Dafür brachte SEGA aber halt auch schon 1995 den Saturn raus. Und da ist das Bild dann auf jeden Fall verheerender. Mal abgesehen davon, dass die Zahl der PAL-Releases dort generell eher bescheiden war, fällt ihre Zahl nach einem quantitativ sehr starken 1996 ab 1997 schon wieder ab. 1998 war der Saturn praktisch so tot, wie das Nintendo 64 2001.
Genau genommen war seine Lebensspanne damit gar nicht sooooo viel länger als die der Dreamcast.

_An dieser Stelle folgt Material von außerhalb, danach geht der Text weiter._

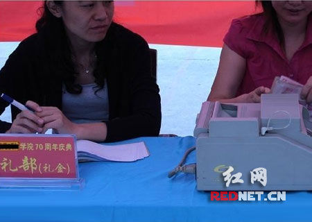 10月28日,有網(wǎng)友在紅網(wǎng)論壇發(fā)布一篇題為《某大學(xué)令人汗顏的校慶 現(xiàn)場點鈔機一字排開》的帖子,內(nèi)容是湖北民族學(xué)院建校七十周年慶祝大會現(xiàn)場,網(wǎng)友對會場擺放的點鈔機產(chǎn)生了興趣,并戲稱這是“最雷人的高校校慶”。
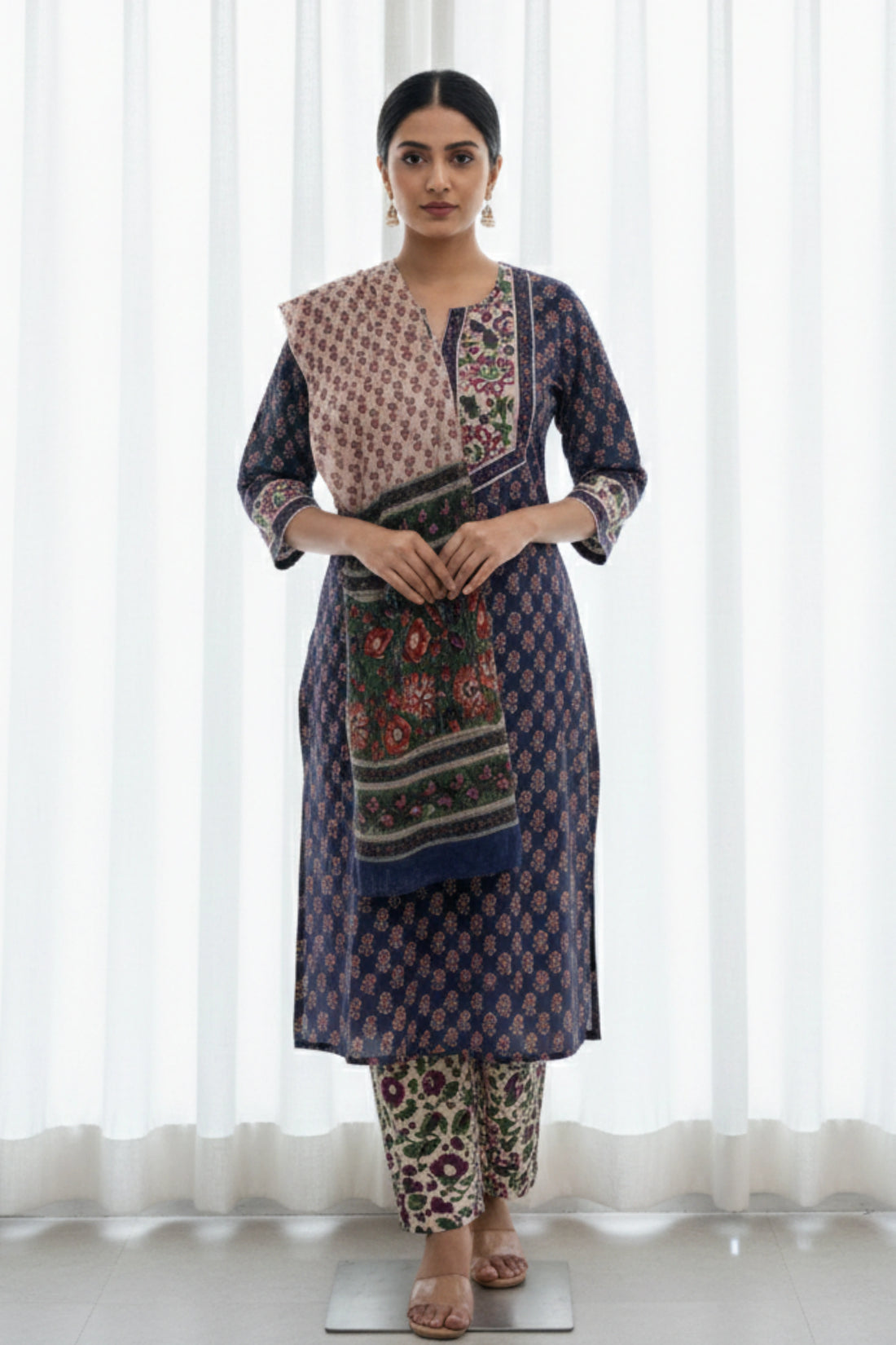 The dress material is pure cotton and very soft. Comfortable to wear. Color is a beautiful navy blue as shown in the image. However, the blue color bleeds, so has to be handwashed separately every time.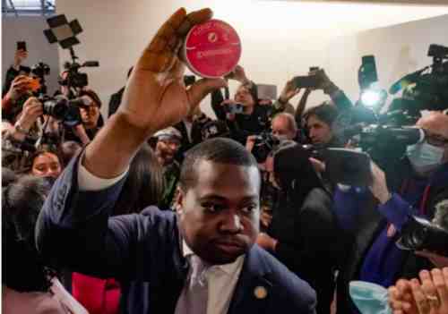 克里斯·亚历山大在百家媒体前高高举起红色包装盒的“西瓜味大麻软糖”,仿佛在宣告人权和自由的胜利!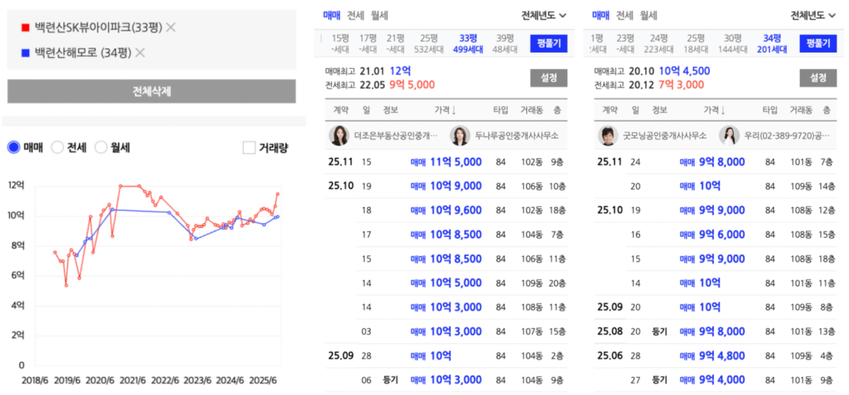 은평구에 백련산 해모로 84타입이 9.8억에 거래되었는데 바로 옆 단지랑 비교했을 때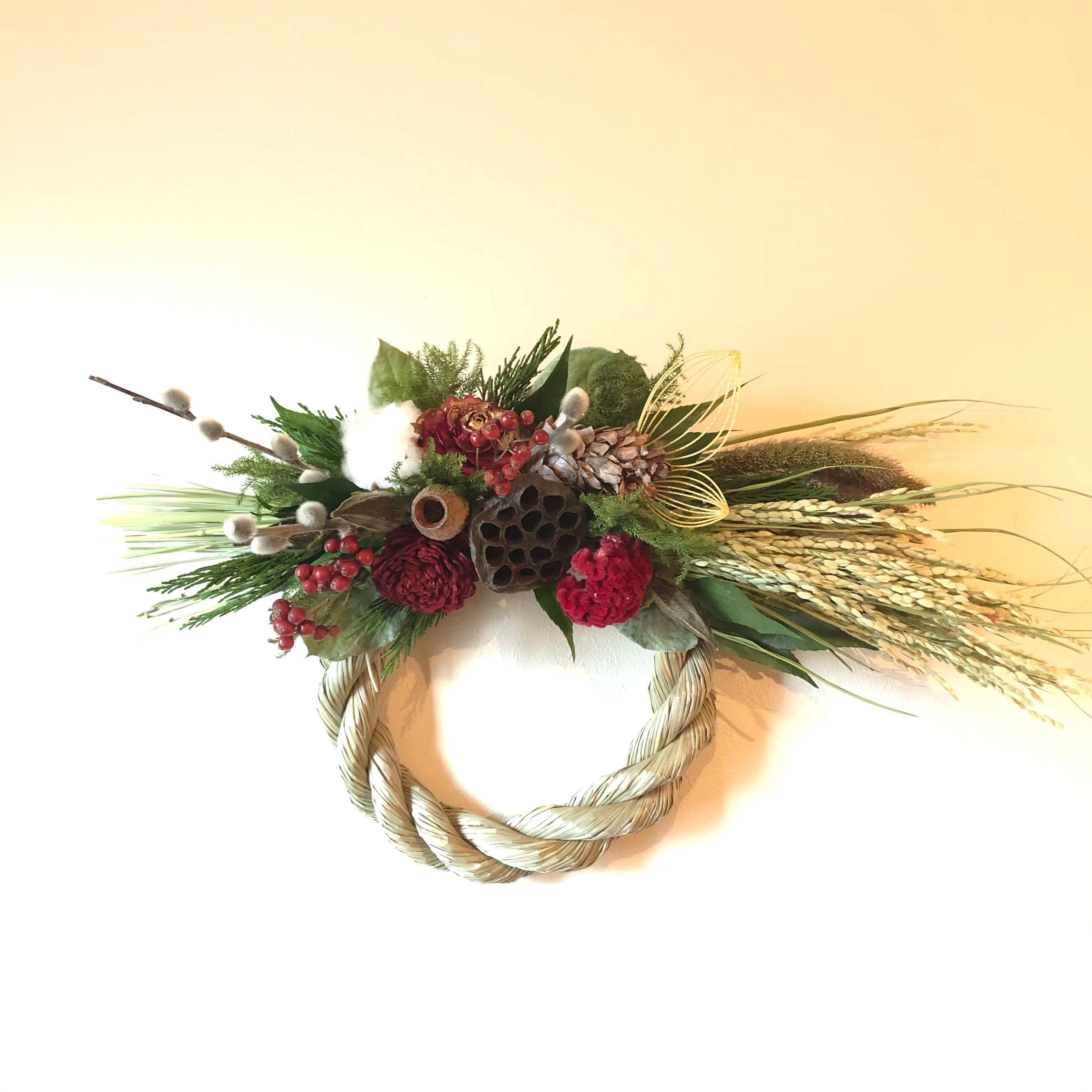 お玄関に飾って、新年を迎えるのにぴったりのしめ飾りアレンジです。
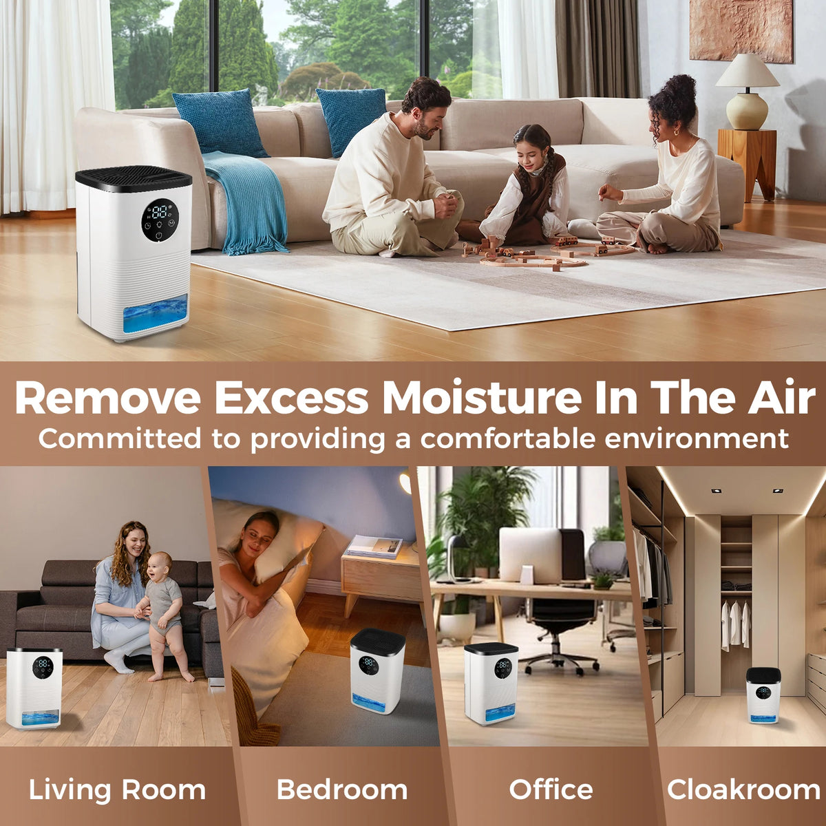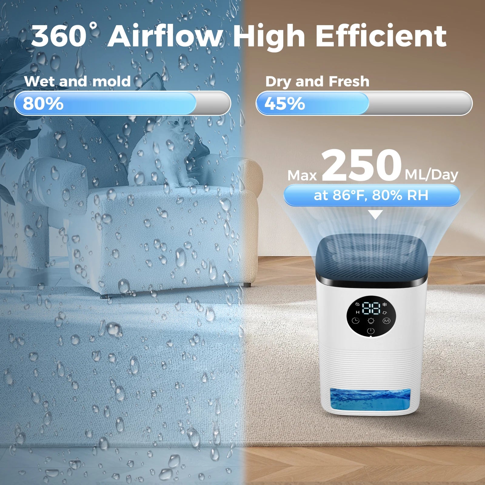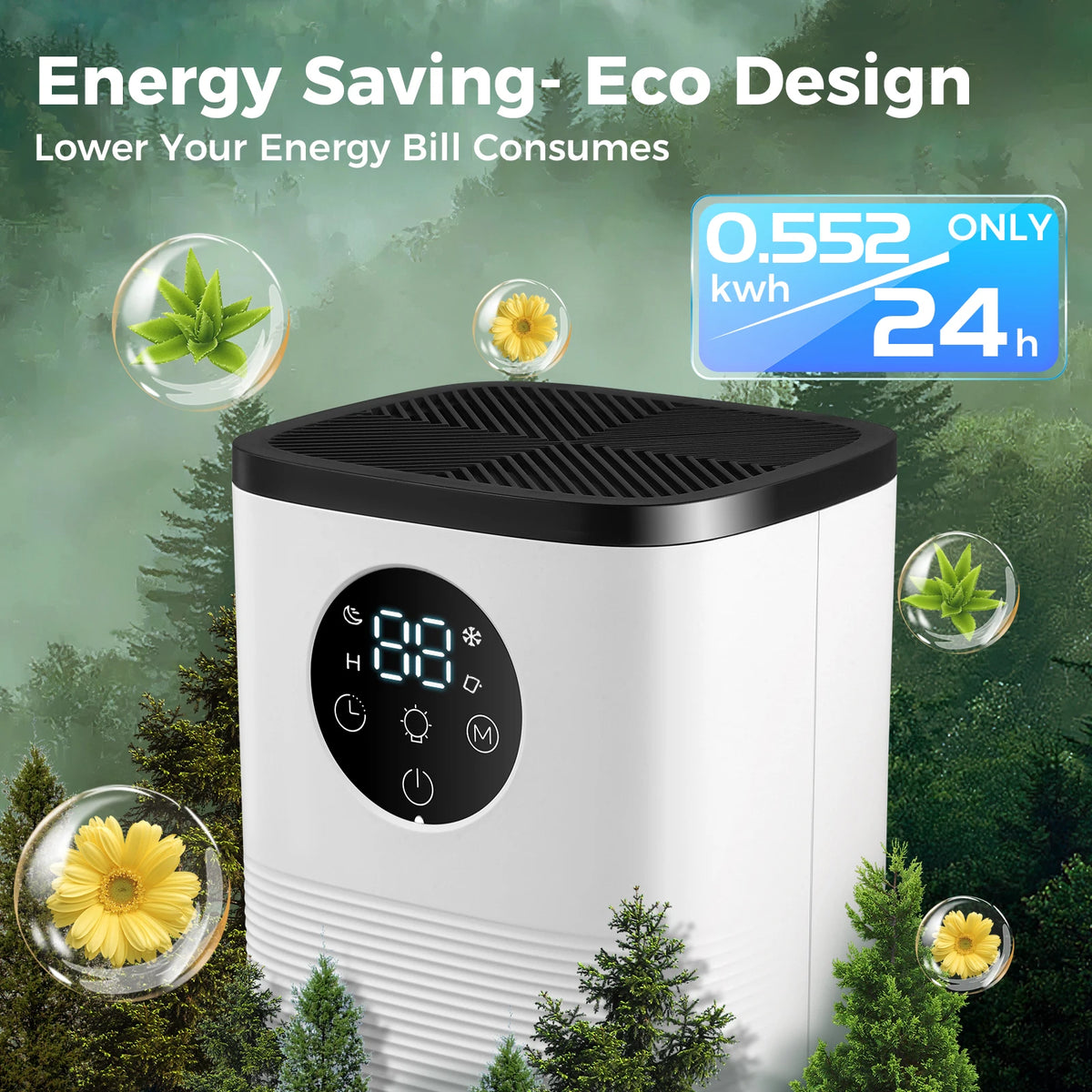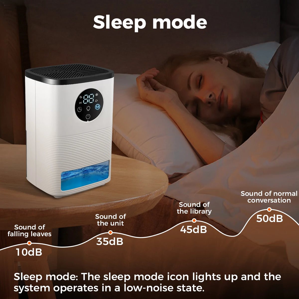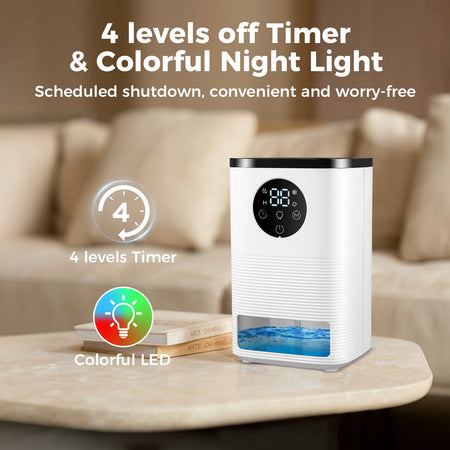 Experience a compact, energy-saving solution to indoor humidity with the Jugacool 1600ml Dehumidifier. Designed for small spaces like bedrooms, bathrooms, kitchens, RVs, and cabinets, this ultra-quiet unit uses advanced semiconductor refrigeration (Peltier) technology to remove excess moisture without disturbing your daily life. The large 1600 mL water tank means fewer refills, while auto shut-off protects against spills. Add a warm, ambient glow with 7 color lights and you’ve got a practical, stylish dehumidifier that doubles as soft night-light.
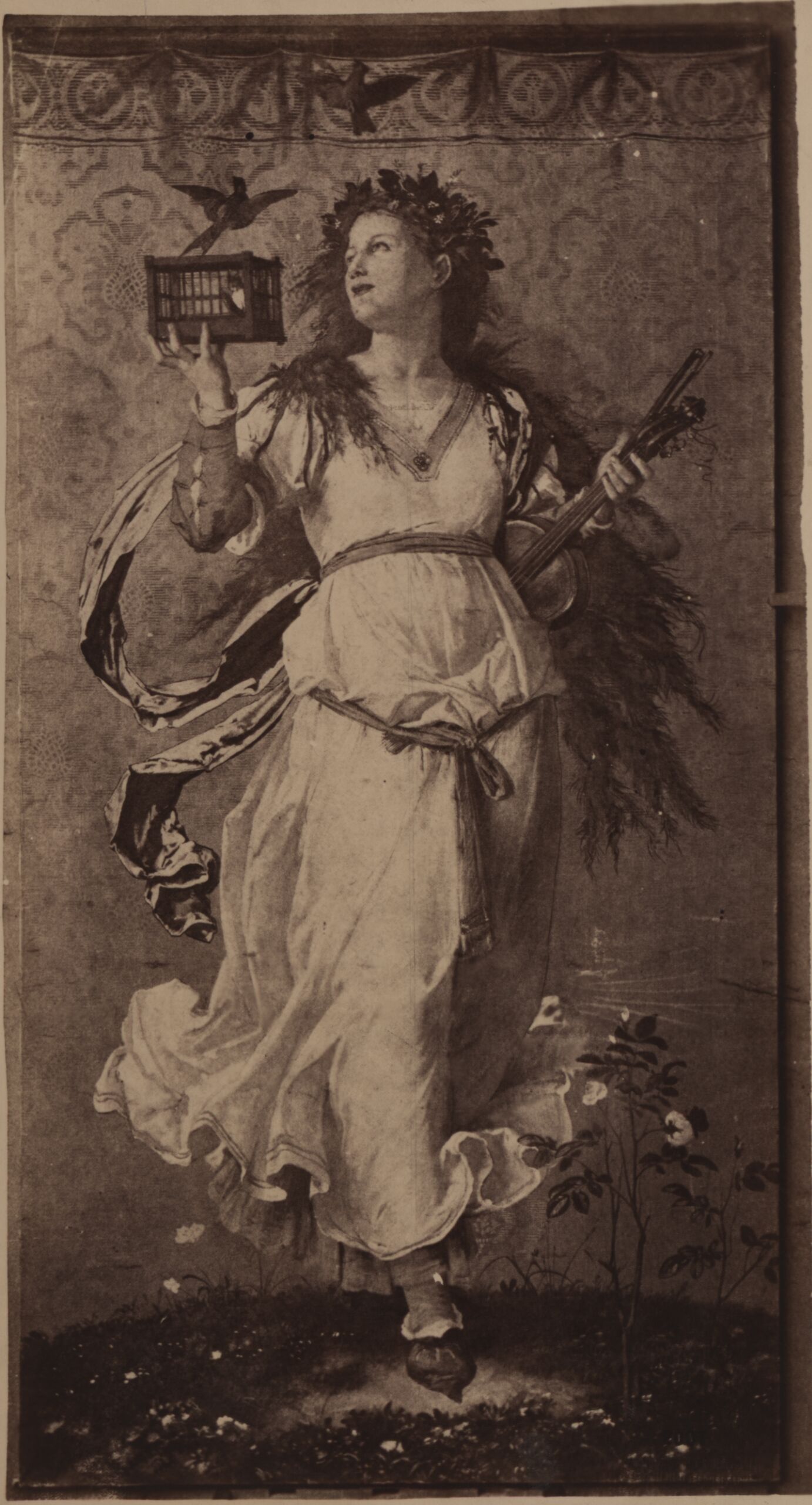 photograph, Fotografie einer Malerei mit einer Figur mit Violine und Vogelkäfig in der Hand, von Friedrich Geselschap, Friedrich Geselschap, MAK Inv.nr. KI 4108-2

Ich hab deren Ende wie du auch nur am Rande mitbekommen. Zu der Zeit war ich mit meinem N64 noch immer sehr zufrieden, der GameCube stand aber schon in den Startlöchern, und die PS2 war klar erkennbar der Platzhirsch. Da hab ich mich (mit meinen 14 Jahren) um das Schicksal eines Systems, das ich aus der Ferne zwar stets interessant fand, aber niemals als Kauf in Erwägung gezogen hätte, wenig geschert.
Ist aber interessanter, dass du den Faktor Vertrauen beim Konsolenkauf erwähnst. Der gab bei mir nämlich den Ausschlag zum Kauf einer WiiU.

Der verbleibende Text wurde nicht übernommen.